Cuando se estudia el cristianismo en sus orígenes es imposible no plantearse preguntas: ¿Cuándo se transformó el movimiento de Jesús en una transnacional del comercio “sacral”? ¿Cuándo, en los textos de los evangelios, se habla del ligamen Imperio Romano-Reino de Dios? El vínculo entre Pilato y Caifás, entre el poder político y el poder religioso, fue la principal causa del asesinato de Jesús, pues los sacerdotes no toleraron que un judío marginal les exigiese «[…] Lo del César, devolvédselo al César, y lo de Dios, a Dios» (Mc 12, 17). El Sanedrín no soportó su “secularidad”, es decir, su distancia de la oficialidad religiosa que pretendía institucionalizar a Dios ya que…
«El hombre no ha nacido
para tener las manos amarradas al poste de los rezos.

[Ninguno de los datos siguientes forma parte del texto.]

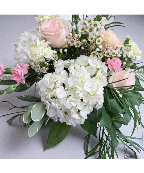 Rosey Dream is a delicate bouquet overflowing with soft white clusters and gentle pink accents, including layered petals in pale hues and tiny budding elements, complemented by fresh green stems and leaves. It radiates a calming and romantic elegance.
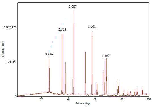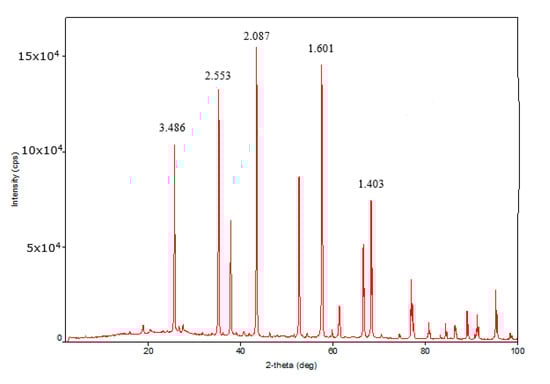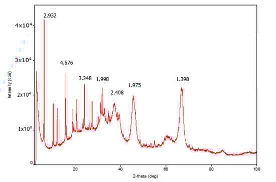 X-ray diffraction (XRD) analysis of the traditional granular catalyst showed the presence of γ-Al2O3 and zeolite Y in the sample. The XRD patterns of γ-Al2O3 and zeolite Y were characterized by 2θ = 2.932, 4.6761, 3.2482, 1.998 and 2.402, 1.975, 1.398 diffraction peaks. The medium coherent-scattering regions of γ-Al2O3 according to planes (440), (400), and (311) conforming to more intensive reflexes were 14.51, 16.20, and 22.77 Å. The coherent-scattering regions of zeolite Y according to planes (111), (220), (331), and (622) were 47.59, 43.08, 45.53, and 88.59 Å. XRD analysis of the highly porous support and the highly porous catalyst which is the highly porous catalyst with supported active components was conducted. The highly porous support, which was synthesized by template synthesis by high-temperature treatment of urethane foam matrix with pseudoboehmite at 1400 °C, was α-Al2O3 with specific high-intensity peaks 2θ = 3.5061, 3.4906, 3.2419, 3.1352, and 2.659. The coherent-scattering regions were 43.16, 61.02, 42.47, 60.12, and 44.61 Å. The XRD patterns of the highly porous catalyst were almost equal to the XRD patterns of the highly porous support because the bulk of the catalyst consisted of high-temperature modified α-Al2O3 (Figure 1, Figure 2 and Figure 3). The intensity of γ-Al2O3 and zeolite Y peaks was very low owing to their low quantity in the catalyst.
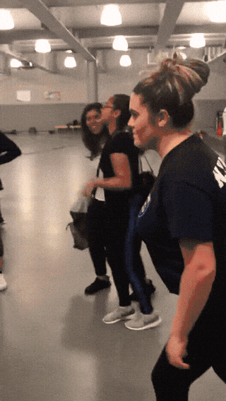Kind of, it’s where one friend will nudge another with their hip.

Dios no quiere rodillas humilladas en los templos,
sino piernas de fuego galopando,
manos acariciando las entrañas del hierro,
mentes pariendo brasas, labios haciendo besos.
Digo que yo trabajo, vivo, pienso,
y que esto que yo hago es un buen rezo,
que a Dios le gusta mucho y respondo por ello.
Y digo que el amor es el mejor sacramento,
que os amo, que amo
y que no tengo sitio en el infierno».